Login and Generate token in the databricks to be able to deploy code from Github to the workspace.
1. Head to Settings -> Developer - Access Tokens -> Manage -> Generate new token . You can give any comment and keep Lifetime 90 which is default.
Copy the token value and save it as it would appear only once.

  1. In the Same Settings page, select Linked accounts - Select Git provider as Github, select Personal Access token and key in the email and token with read/write permissions generated earlier in Github. This would enable the Databricks Repos section accessible to Github.

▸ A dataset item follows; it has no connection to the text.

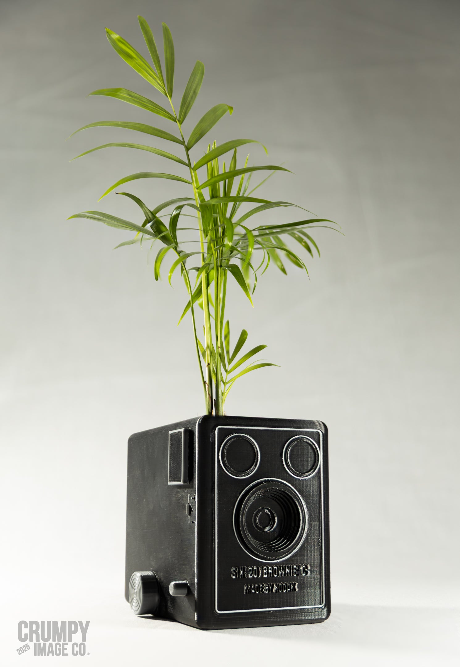 Add a touch of vintage charm to your space with our 3D-printed planter, designed to be a stunning replica of the classic Kodak SIX-20 'BROWNIE' C Brownie box camera. It's the perfect conversation starter and a unique gift for any photographer, history buff, or plant lover. Ideal for succulents, cacti and small houseplants such as the parlour palm or philodendron pictured. Available in classic and modern colour combinations. Durable, high-quality 3D print, sure to impress. * Plants and accessories not included.
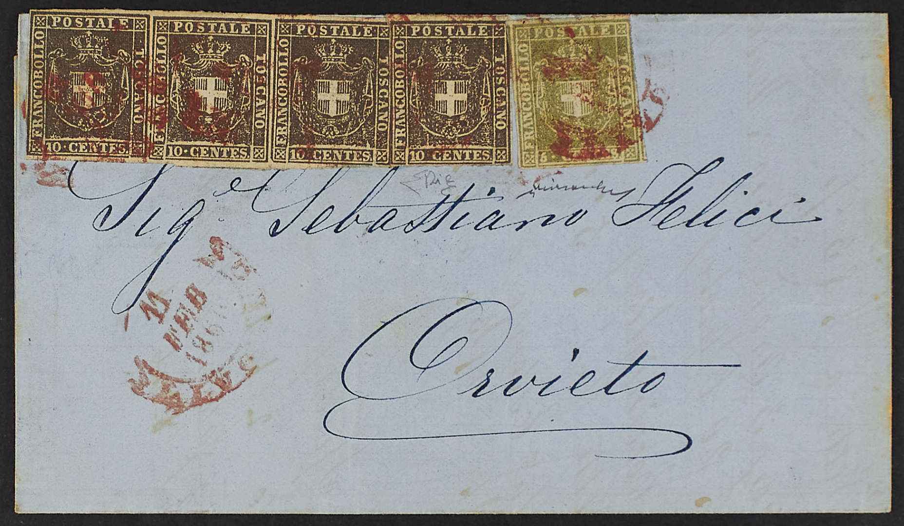 1860 - 5 c. verde + 10 c. bruno esemplare singolo e striscia orizzontale di tre su lettera dell'11 febbraio da Livorno per Orvieto - Documento molto fresco e affrancatura di triplo porto di rarità estrema - Cert. Diena - Firma Chiavarello

In the Github Repo Settings, Add the Repository Tokens to save the databricks host and token as shown

DATABRICKS_HOST - url for the datarbricks workspace
DATABRICKS_TOKEN - token generated in the databricks workspace

image

If you have completed the prerequisites, Clone this repo into your own github account.

Here are some commands to run from terminal

git clone https://github.com/PragathiSharma/genai-healthcare-lifescience-app.git
cd genai-healthcare-lifescience-app
git remote set-url origin http://github.com/YOU/YOUR_REPO


/YOU/YOUR_REPO - Create a new empty repo in Github and provide the username and repo name here.

  • The project contains configuration file databricks.yml to set up the environments. Set up the host and root_path as desired to deploy the contents of this repo into your workspace.

    host: https://myworkspace.databricks.com - Update this to your databricks workspace url
    root_path: ~/genai_app/genai-healthcare-lifescience-app - Update this to the path where you want to deploy the project

    Based on environments, this configurations can be updated for each environment.

    resources/synthea_diabetic_patient_data_ingestion.yml holds the job configuration which is pipeline for data ingestion and model training. Ensure that the path for the notebooks are all correct.
    Replace your_email_id with your email id on the databricks workspace so the path would be picked up correctly.

    The job would work with notebook paths as /Workspace/Users/your_email_id/genai_app/genai-healthcare-lifescience-app

  • In the .github/workflows/cicd.yml, the bundle commands are executed to create the workflow.
    For this, DATABRICKS_HOST and DATABRICKS_TOKEN configs are picked up from the github actions secrets saved in the prerequisites

Databricks Asset bundles(DAB) for Deployment

Once you commit the configuration updates into your repo, You can manually go and trigger github Actions workflow to deploy the project and job to databricks workspace.


git commit -m "updated tokens"
git push -u origin main

Trigger Github Actions image

Now that all the set up is completed, we can execute the project.

Step 0: CatalogSchemaInitSetup.sql has queries to create catalog and schema as used by this project - unitygo.diabetes_cure. If you have different catalog, update the notebooks accordingly.

Step 1: Data generation
For this Step 1, you could use the data already present in the repo under synthea_sample_data folder or generate new data for larger datasets.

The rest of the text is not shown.